External Debt and Forex Reserves Challenges
A crucial reason why revaluation remains out of reach is the dire state of Syria’s foreign currency reserves and debt profile.
reforms first.
- Shrinking Forex Reserves: The Central Bank of Syria has very limited foreign currency reserves. This makes it difficult to take action in the currency market. When the pound loses value, the central bank cannot provide enough support to stop it from falling further. As a result, the Syrian pound continues to weaken.
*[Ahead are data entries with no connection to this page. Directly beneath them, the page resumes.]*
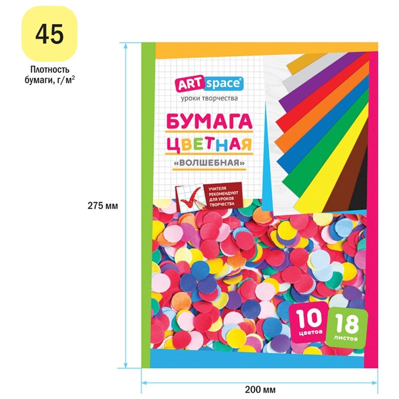 Цветная бумага - замечательный инструмент для творчества. В набор входят 18 листов из 10 различных цветов, в том числе два листа серебристого и золотого цветов. Блок - газетная и мелованная бумага, обложка - офсетная бумага. Формат А4.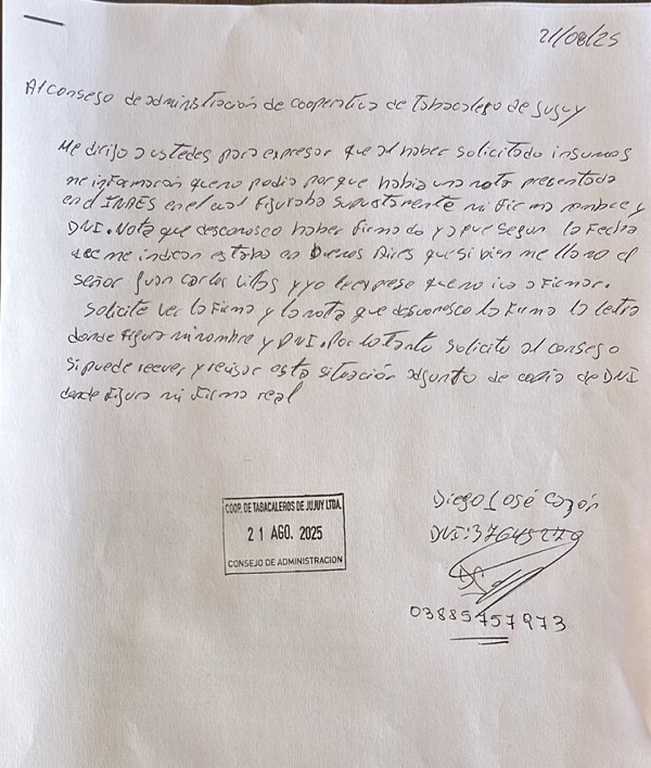 Es el caso de Diego Cazón, de Puesto Viejo, quien aseguró que jamás firmó ninguna nota, ya que en la fecha en que se habría presentado él se encontraba en Buenos Aires. En una carta dirigida a la Cooperativa, denunció que su firma fue falsificada y solicitó que la Institución actúe en su defensa.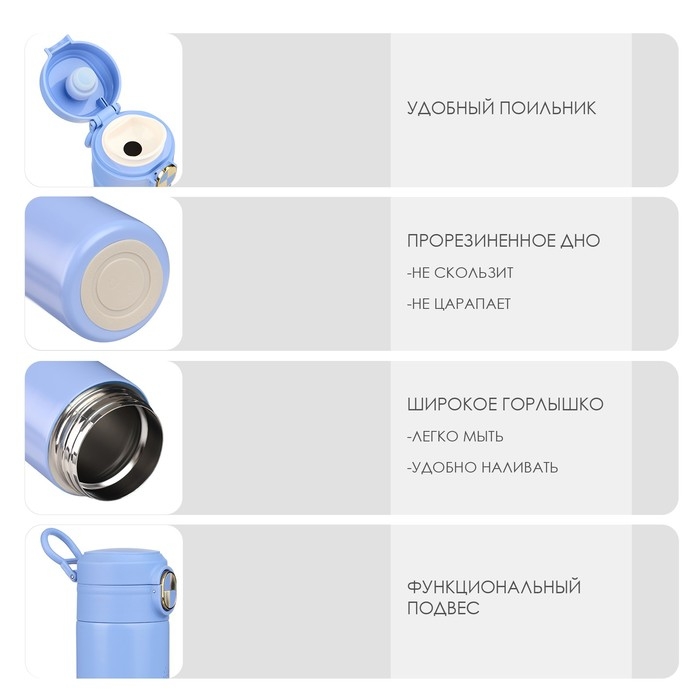 Термокружка сделана из нержавеющей стали марки 304, сконструирована по вакуумной технологии, с двойной стенкой, следовательно, долго держит тепло и не проливается. Оснащена откидывающейся крышкой, изготовленной из экологичного пищевого пластика. На дне термокружка имеет специальную прорезиненную основу, предотвращающую царапины на поверхностях.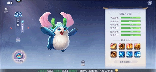 四不像是真个游戏中最好养的英雄,可以从R品质升级到UP品质,并且专属法宝也可以通过主线认为直接5星,四不像技能必须要有保命,配合只身的被动技能可以保命很多次,从而提高他的生存能力,另外法宝除了了专属法宝外,必须佩戴波澜剑这样每次保命后能通过群攻有效的回复血量,又大大提高了他生存回合时间。

The lack of foreign reserves also creates problems for importing critical goods. Without enough dollars or euros, Syria cannot easily buy fuel, medicine, or food from abroad. This affects the daily lives of many people in the country.
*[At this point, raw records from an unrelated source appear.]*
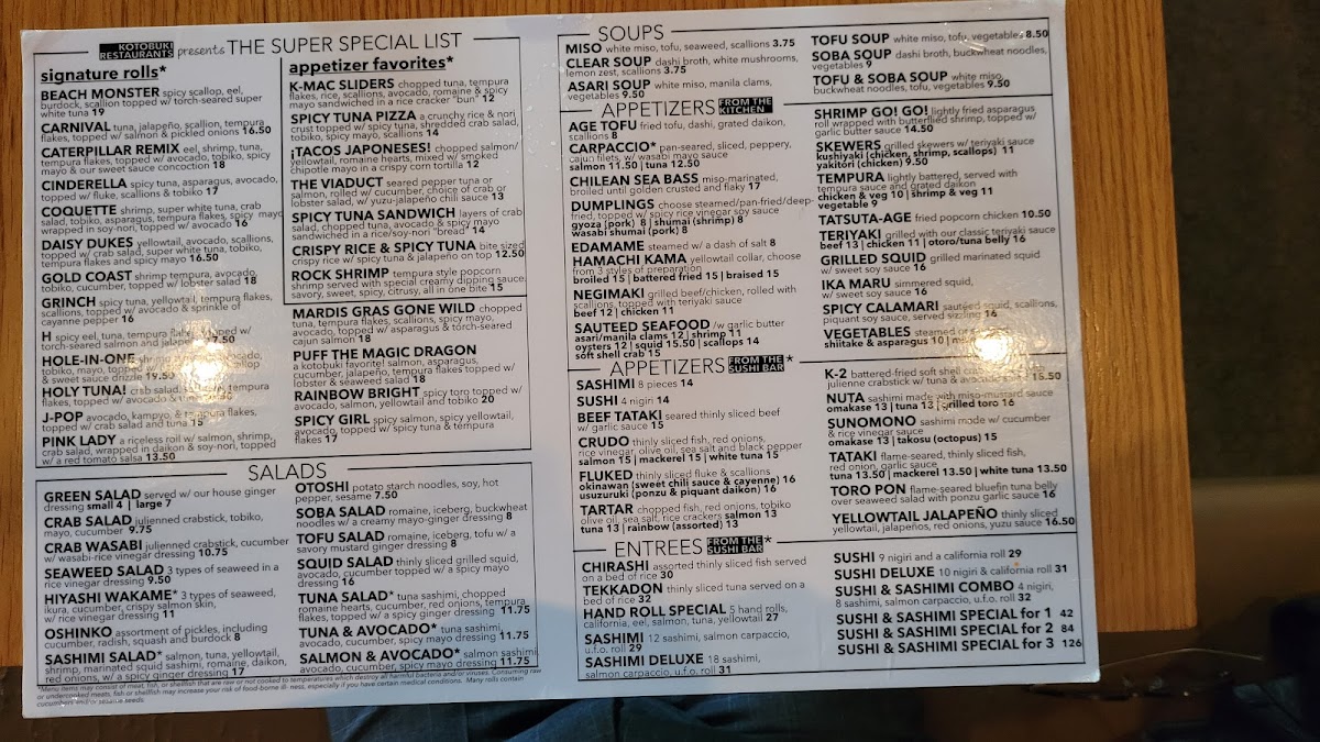 Kotobuki Menu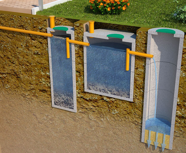 Les eaux usées s'écoulent initialement par des tuyaux d'égout dans la fosse septique pour un post-traitement dans le sol. Le processus de purification se déroule par étapes.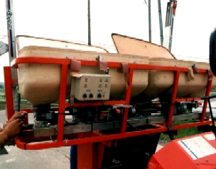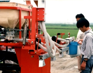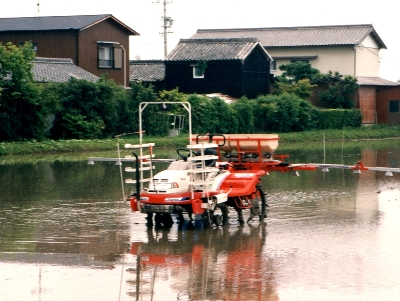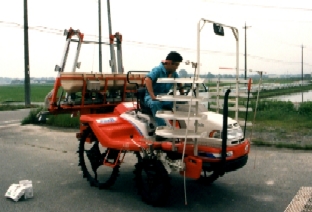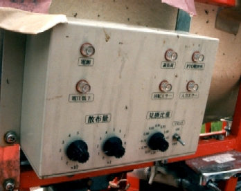 | 「これや、これ。俺が欲しかったんは。」と言わしめたプロトタイプのマシン。田植機の本機の装着、散布幅7.5m、散布調整幅1.2m。散布量1kgー60kgまで1kg刻み。 | |

- Reliance on Informal Markets: Syria cannot borrow money from international capital markets. Because of this, it depends on money that comes from other informal sources. These include remittances sent home by Syrians living in other countries, goods smuggled across borders, and unofficial transfers of dollars inside the country.
These sources of income are not reliable. They change from month to month and are hard for the government to monitor or control. This makes it difficult to build a clear or stable currency policy. The economy becomes unpredictable, and planning for the future becomes very hard.
- Mounting External Debt: Syria continues to add to its external debt. This includes loans for military support and rebuilding the country, mainly from allies like Russia and Iran. There are also debts from before the war that still need to be paid.
Over time, Syria will need to restructure its debt. But before creditors agree to any changes, they will ask the government to make reforms. These reforms could include changes to economic policy, increased transparency, and better financial management.
Final Thoughts:
It’s completely understandable why many Syrians want the pound to go back to its pre-crisis value. Life was simpler, and financial stress wasn’t crushing every household. But the truth is, currencies don’t work like time machines. The Syrian pound reflects the health of the economy, not its history.
A revaluation to pre-war levels is not just unlikely—it’s nearly impossible without a complete economic overhaul, debt restructuring, political stability, and reintegration into the global financial system.
That doesn’t mean Syria is doomed forever. Currency stability can be achieved. Rebuilding takes time, policy discipline, and international cooperation. But rather than chasing old numbers, Syria would be better served by setting new, realistic goals for economic recovery.
The past may feel familiar, but the future must be forged with clarity—not blurry dreams.
Because sometimes, the real strength of a currency isn’t in going back—but in moving forward.